Detecting outlier markers showing minor allele frequencies linked to environmental variables is a first step towards the identification of adaptive processes and demonstrating the existence of such correlation does not prove that local adaptation occurs in the wild. Then, outcomes from population genomic studies should be further investigated at a functional level, to test the functional importance of the candidate SNP in a specific ecological context. For that purpose, additional genomic data such as sequencing of a full-genome and transcriptome analyses of gene expression would be required to provide new insights on the possibility that this gene is really involved in local adaptation process of M. surmuletus populations in the Mediterranean Sea.
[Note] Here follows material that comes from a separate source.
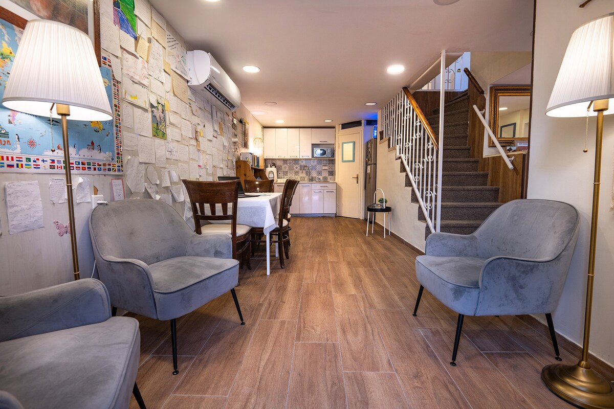 Alójate en Eden Manor, una rara mansión otomana en el corazón de Jerusalén. A solo 1 minuto del Instituto Shalom Hartman, a 5 minutos de Mamilla y a 10 minutos de la Ciudad Vieja, ofrece una mezcla única de encanto histórico y un exuberante oasis verde. Al igual que en un hotel donde las habitaciones comparten un comedor, aquí las 4 habitaciones comparten una cocina totalmente equipada y un patio soleado debajo de un antiguo olivo, el lugar perfecto para tu café de la mañana. Disfruta de la serenidad del campo en la ciudad.
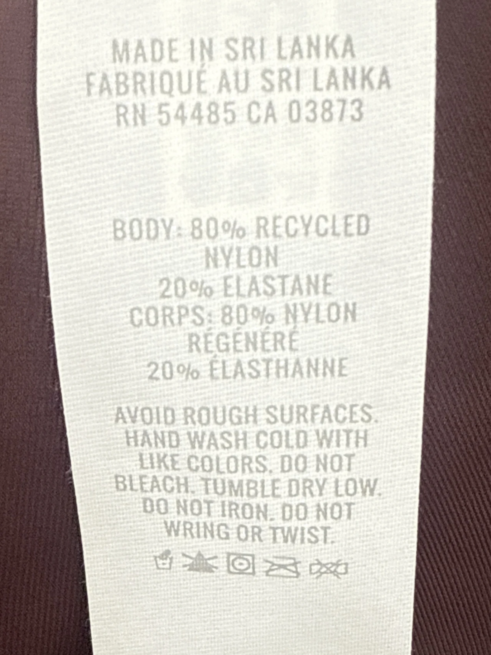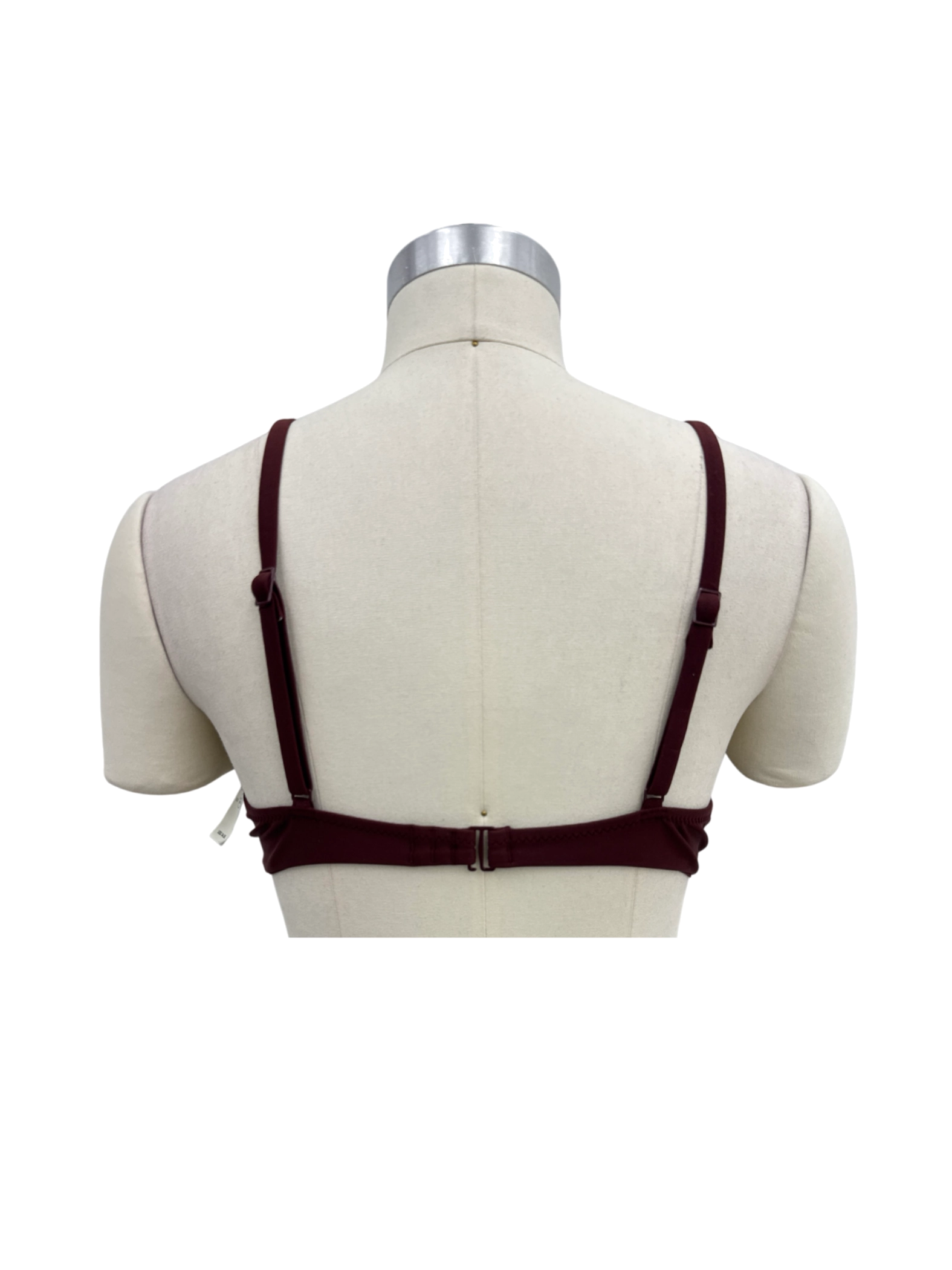 This pre-owned Aerie bikini top is a stylish addition to your swimwear collection. Crafted from a blend of recycled nylon and elastane, this top offers a comfortable and eco-friendly design. The wine color adds a touch of sophistication, making it perfect for your summer beach days. With its chic design, this bikini top is ideal for swimming, sunbathing, or simply lounging by the pool. The quality materials ensure durability and a flattering fit.

Nevertheless, the entire list of candidate genes found here may serve future studies as a useful database to investigate local adaptation process in species experiencing changes in salinity.

Comparing approaches for detecting genomic signal of selection

The outcomes from the six genome scan methods varied widely in term of the number and identity of outliers detected in this study (Fig. 2). Such inconsistencies between methods were expected since their algorithms and prior assumptions considerably differ. All methods, except gINLAnd and PCAdapt, assume a linear relationship between SNP allele frequencies and the environmental variable [43, 50, 73]. gINLAnd uses a logit transformation of the allele frequencies [49], whereas PCAdapt maximizes their variances in a PCA without accounting for any environmental variable [74].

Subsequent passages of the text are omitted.